Overall, here’s my takeaway on what an MLOps tool should include:
- Some form of encapsulated versioning: imagine developing several machine learning models, each depending on a different version of packages — a tool should be able to handle these cases but still be able to interconnect the processes
- Easy integration into existing code bases
- An easy way to deploy models
- But also an easy way to deploy the tool
- User/group management
- The ability to track processes
- The ability to collect metrics of processes (time is money: ideally a tool should be able to track the amount of resources a certain process chain takes in order to improve the workflow)
That said, each model, workflow or infrastructure needs a different set-up. It might make sense to isolate some models in a docker container, while, in other cases, a processing pipeline with different models is grouped into one process. In my experience it depends on many factors and each new project offers new perspectives.
MLOps in practice: AI Start
AI Start is one project where we’ve been using MLOps so far. It’s a collaborative effort between Seedstars, Katapult and Bakken & Bæck with the aim of using artificial intelligence and design techniques to explore detailed analysis of early-stage start-ups. You can read more in depth about how we developed an AI engine to predict the likelihood of raising a Series A/B investment round in an earlier article here.
The project relies heavily on a mixture of data sources to inform several data science pipelines developed during our research phase. As such, it’s a prime example of how to use MLOps tools not only during development but also in a production setting.
During the development phase we specifically used MLflow to track experiment outcomes across different teams. This helped us manage different metrics and models, as working with many people across different companies posed a challenge when project managing duties and assignments. We also found it beneficial to use the open-source data science framework Kedro to enforce best practices when creating pipelines that are reproducible, modular and maintainable.

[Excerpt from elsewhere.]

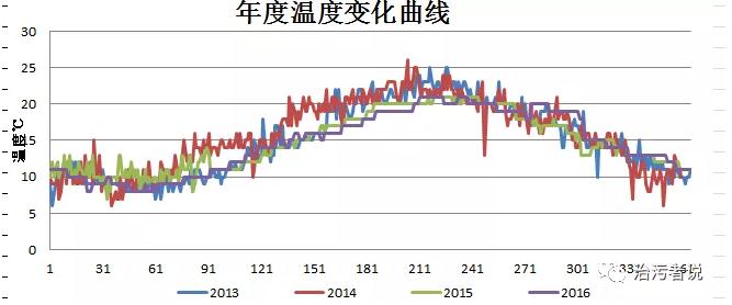 體系建設的基礎是溫度。溫度的數據統計需要進行以年為周期的長期性氣溫和生物池內的水溫監測,通過積累一年以上環境溫度的變化數據,才能具備體系整體建設的基本條件,通過溫度曲線的繪制,結合季節的更替變化,基本能夠確定出廠內微生物周期性的環境溫度的變化情況。系統化的季節調控體系建設通過收集污水廠的基礎運行資料完成基礎調控模型和調控依據。

While the models and pipelines we developed are powerful at discerning features of early-stage start-ups, updates will still need to occur when retraining a model, or features updated when more information becomes accessible(underlying data changes over time) or new information about a start-up becomes available.
In order to cover these cases and still enhance the early-stage company data, we automated relevant workflows by integrating Airflow into the backend stack. Airflow especially shines in building ETL pipelines. ETL is short for “extract, transform and load” and involves gathering data from multiple sources and then transforming and loading it into a database, for example. As such, the backend has access to underlying HubSpot and other similar web data and looks for changes in the provided data fields. When data fields change, we can trigger new computations of features that then result in updated classifications.
And that’s how our backend utilises MLOps tools to automate the data flow and effectively enrich company data.